• **Exercise**
Exact copies of all entries are needed. Pictures are to be left out.

• **Records for the task**
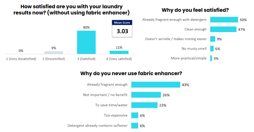 Most detergent only user are satisfied with their current laundry results without using additional fragrance, as they feel the detergent they use is already sufficiently fragrant and clean, and they see no importance or benefit in using a fabric enhancer.
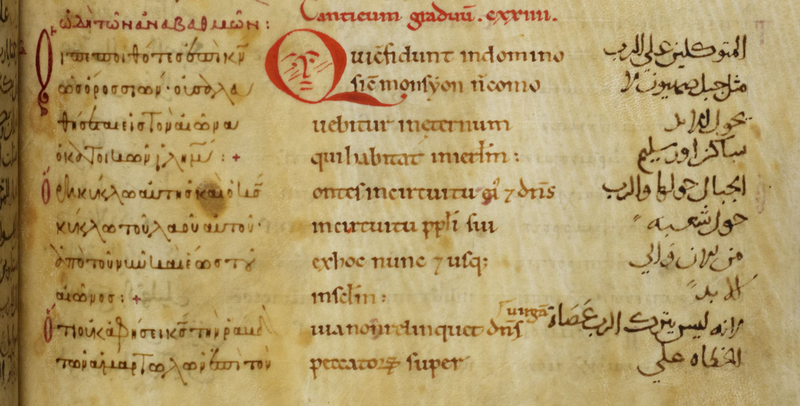 Mannigfaltige Vernetzungen: Passage aus dem «Psalter von Harley» aus dem 12. Jahrhundert, der aus einer parallelen Niederschrift der Psalmen in griechischer, lateinischer und arabischer Fassung besteht.
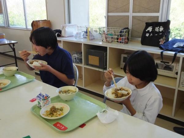 垂水市内全小中学校の学校給食で、令和7年11月7日、ふるさと納税寄附者提供による新城産焼肉丼がメニューとなり、児童らが、美味しそうに頬張っていた。
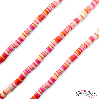 Ready for a party? These bold 8mm heishi beads feature a range of pinks. JJB's favorite color, these bold heishi are sold in a 14 inch strand, perfect for creating bracelets, necklaces, earrings, and more.
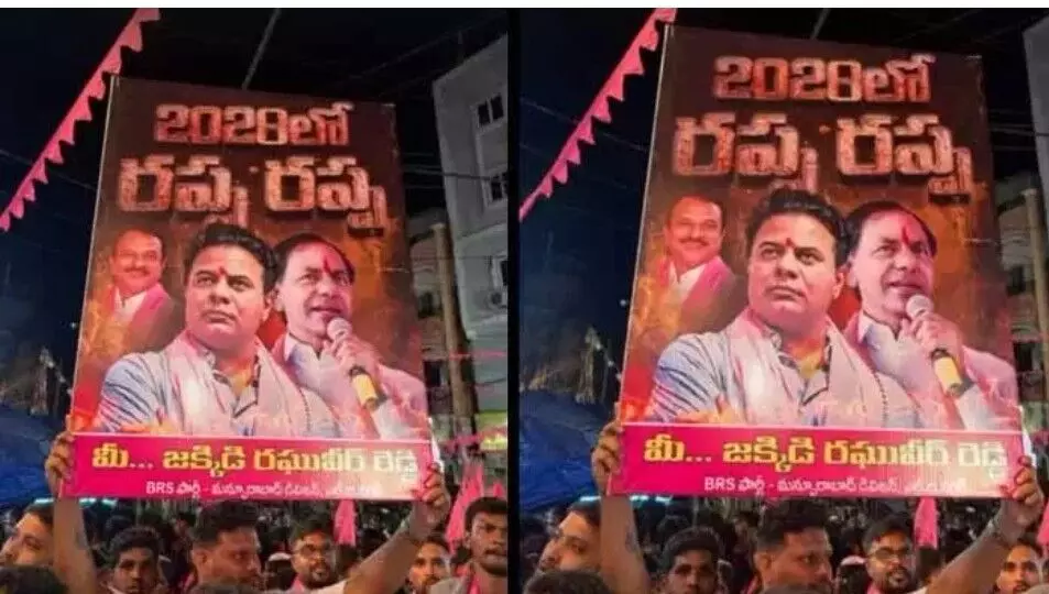 జూబ్లిహిల్స్ ఉపఎన్నిక దగ్గరపడటంతో కాంగ్రెస్, బీఆర్ఎస్ పార్టీలు ప్రచారంలో జోష్ మరింత పెంచాయి. అటు సీఎం రేవంత్తో పాటు మంత్రులు, ఎమ్మెల్యేలు ప్రచారంలో బిజీగా ఉండగా బీఆర్ఎస్ నుండి కేటీఆర్, హరీష్ రావు సహా ఎమ్మెల్యేలు ప్రచారంలో పాల్గొంటున్నారు. అయితే ఈక్రమంలో ఆసక్తికర ఘటన చోటు చేసుకుంది. ఎన్నికల ప్రచారం సందర్భంగా బీఆర్ఎస్ రోడ్ షోలో రప్పా రప్పా 2028 పోస్టర్లు దర్శనం ఇచ్చాయి. పుష్ప సినిమాలోని రప్ప రప్ప డైలాగ్ పోస్టర్ను ఓ వ్యక్తి ప్రదర్శించగా అందులో బీఆర్ఎస్ నేత జక్కిడి రఘువీర్ రెడ్డి పేరు ఉంది. అంతేకాకుండా కేసీఆర్ మరియు కేటీఆర్ ఫోటోలు ఉన్నాయి. అయితే అప్పట్లో వైసీపీ ఇలాంటి పోస్టర్లనే ప్రదర్శించడంతో ఏపీలో దుమారం రేగింది. సినిమాలోని డైలాగులో రప్పా రప్పా నరుకుతాం.. అని ఉంటుంది. దీంతో వైసీపీ ఈ డైలాగును వాడటంతో టీడీపీ విమర్శలు కురిపించింది.
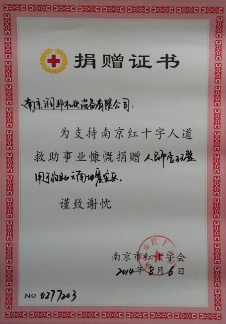 南京潤邦機電設備有限公司為魯甸災區(qū)捐款1萬元 2014-08-07

• **Answer to this exercise**
 Most detergent only user are satisfied with their current laundry results without using additional fragrance, as they feel the detergent they use is already sufficiently fragrant and clean, and they see no importance or benefit in using a fabric enhancer.
 Mannigfaltige Vernetzungen: Passage aus dem «Psalter von Harley» aus dem 12. Jahrhundert, der aus einer parallelen Niederschrift der Psalmen in griechischer, lateinischer und arabischer Fassung besteht.
 垂水市内全小中学校の学校給食で、令和7年11月7日、ふるさと納税寄附者提供による新城産焼肉丼がメニューとなり、児童らが、美味しそうに頬張っていた。
 Ready for a party? These bold 8mm heishi beads feature a range of pinks. JJB's favorite color, these bold heishi are sold in a 14 inch strand, perfect for creating bracelets, necklaces, earrings, and more.
 జూబ్లిహిల్స్ ఉపఎన్నిక దగ్గరపడటంతో కాంగ్రెస్, బీఆర్ఎస్ పార్టీలు ప్రచారంలో జోష్ మరింత పెంచాయి. అటు సీఎం రేవంత్తో పాటు మంత్రులు, ఎమ్మెల్యేలు ప్రచారంలో బిజీగా ఉండగా బీఆర్ఎస్ నుండి కేటీఆర్, హరీష్ రావు సహా ఎమ్మెల్యేలు ప్రచారంలో పాల్గొంటున్నారు. అయితే ఈక్రమంలో ఆసక్తికర ఘటన చోటు చేసుకుంది. ఎన్నికల ప్రచారం సందర్భంగా బీఆర్ఎస్ రోడ్ షోలో రప్పా రప్పా 2028 పోస్టర్లు దర్శనం ఇచ్చాయి. పుష్ప సినిమాలోని రప్ప రప్ప డైలాగ్ పోస్టర్ను ఓ వ్యక్తి ప్రదర్శించగా అందులో బీఆర్ఎస్ నేత జక్కిడి రఘువీర్ రెడ్డి పేరు ఉంది. అంతేకాకుండా కేసీఆర్ మరియు కేటీఆర్ ఫోటోలు ఉన్నాయి. అయితే అప్పట్లో వైసీపీ ఇలాంటి పోస్టర్లనే ప్రదర్శించడంతో ఏపీలో దుమారం రేగింది. సినిమాలోని డైలాగులో రప్పా రప్పా నరుకుతాం.. అని ఉంటుంది. దీంతో వైసీపీ ఈ డైలాగును వాడటంతో టీడీపీ విమర్శలు కురిపించింది.
 南京潤邦機電設備有限公司為魯甸災區(qū)捐款1萬元 2014-08-07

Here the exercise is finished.